WHAT IS BEING ASKED → Make an exact copy of the listing, without images.

SUPPLIED MATERIAL →
---

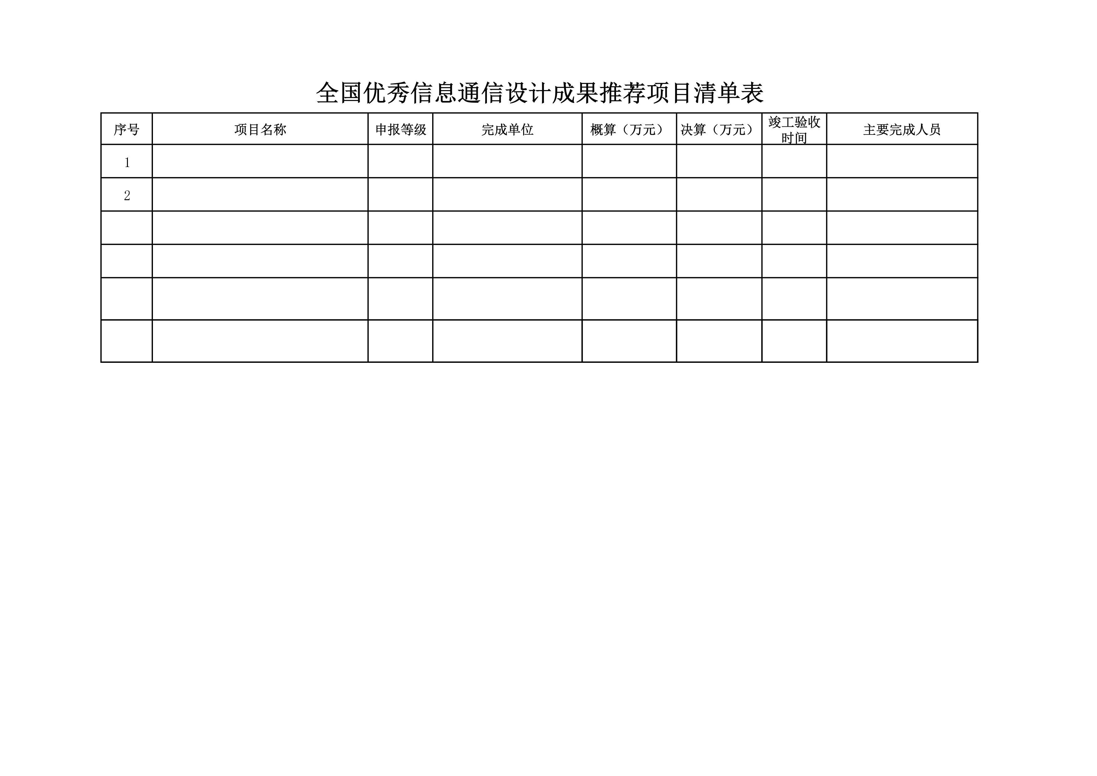 全国优秀信息通信设计成果申报表
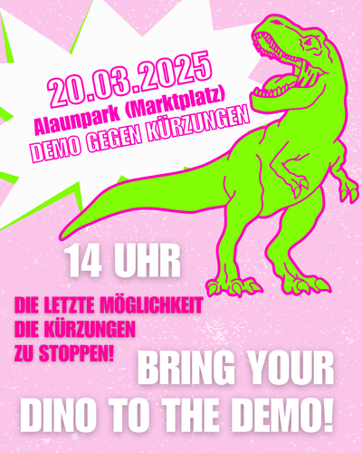 Mit dem Slogan "Bring your Dino to the Demo!" haben wir zur Demonstrationsteilnahme gegen die geplanten Haushaltskürzungen der Stadt Dresden aufgerufen und haben mit euch im Rahmen des Familientreffs aktiv daran teilgenommen.
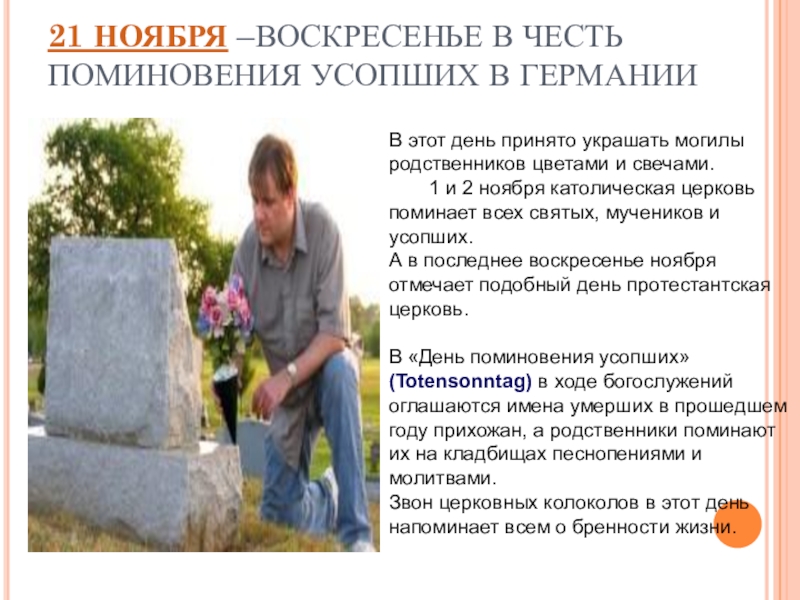 Слайд 5721 НОЯБРЯ –ВОСКРЕСЕНЬЕ В ЧЕСТЬ ПОМИНОВЕНИЯ УСОПШИХ В ГЕРМАНИИ

---

REPLY TO THE TASK →
 全国优秀信息通信设计成果申报表
 Mit dem Slogan "Bring your Dino to the Demo!" haben wir zur Demonstrationsteilnahme gegen die geplanten Haushaltskürzungen der Stadt Dresden aufgerufen und haben mit euch im Rahmen des Familientreffs aktiv daran teilgenommen.
 Слайд 5721 НОЯБРЯ –ВОСКРЕСЕНЬЕ В ЧЕСТЬ ПОМИНОВЕНИЯ УСОПШИХ В ГЕРМАНИИ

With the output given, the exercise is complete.